Runaway inflation drives gold to a 5-month high
Investors flock to traditional safe-haven asset
Gold continued to trade upwards on Thursday, bolstered by mounting anxiety about the rates of inflation seen in the largest economies of Asia, Europe and North America.
The yellow metal has risen by almost 8% in the past six weeks as investors increasingly looked for inflation hedges – peaking at $1,868.87 yesterday.
Easily transportable, fungible and verifiable, gold has been a consistent store of value dating back into antiquity.
The commodity floundered through much of September and October as investors anticipated the Federal Reserve tapering the Covid quantitative easing (QE) programme – the process by which central banks injected money into their economies by buying back government bonds.

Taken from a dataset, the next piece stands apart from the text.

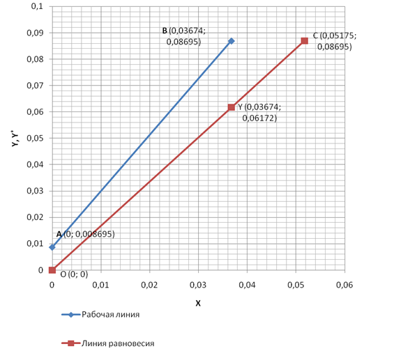 = 0, а на выходе составляет 71 % от максимально возможной в данных условиях, т.е. от равновесной с входящим газом. Уравнение линии равновесия имеет вид Y* = 1,68X

However, the view held by many of the world’s central banks that runaway inflation would prove to be “transitory” has increasingly been called into question.
Investors are also wary of assertions that the phenomenon is the result of pent-up post-pandemic demand and supply-chain issues, not excessive levels of QE and record-low interest rates.
On Wednesday, Germany’s statistics office Destatis announced that inflation in Europe's largest economy rose from 4.1% year-on-year in September to 4.5% in October.
That same day saw the National Institute of Economic and Social Research warn that inflation is on course to hit around 5% in the United Kingdom next year.
Last week, Bank of England governor Andrew Bailey said that he was “very sorry” for the effect of rising prices on British households, admitting: “Inflation is clearly something that bites on people’s real household income.”
Bailey recently disappointed markets by deciding, along with his fellow Monetary Policy Committee (MPC) members, not to raise interest rates from their record low levels. In the run-up to the MPC meeting, both he and the BoE’s chief economist Andy Haldane had signalled such a move was likely.
China, the largest economy in Asia and the second-largest economy in the world, is also contending with runaway price rises that have prompted an energy crisis in a number of northeastern provinces.
Last month, China’s Consumer Price Index rose at the fastest pace since September 2020, while the Producer Price Index surged 13.5% to a 26-year high.
In the US, the world’s largest economy, consumer prices rose by 6.2% in October, a 31-year high.
By 10:40 (GMT) on Friday, spot gold was trading down slightly at $1,849.49.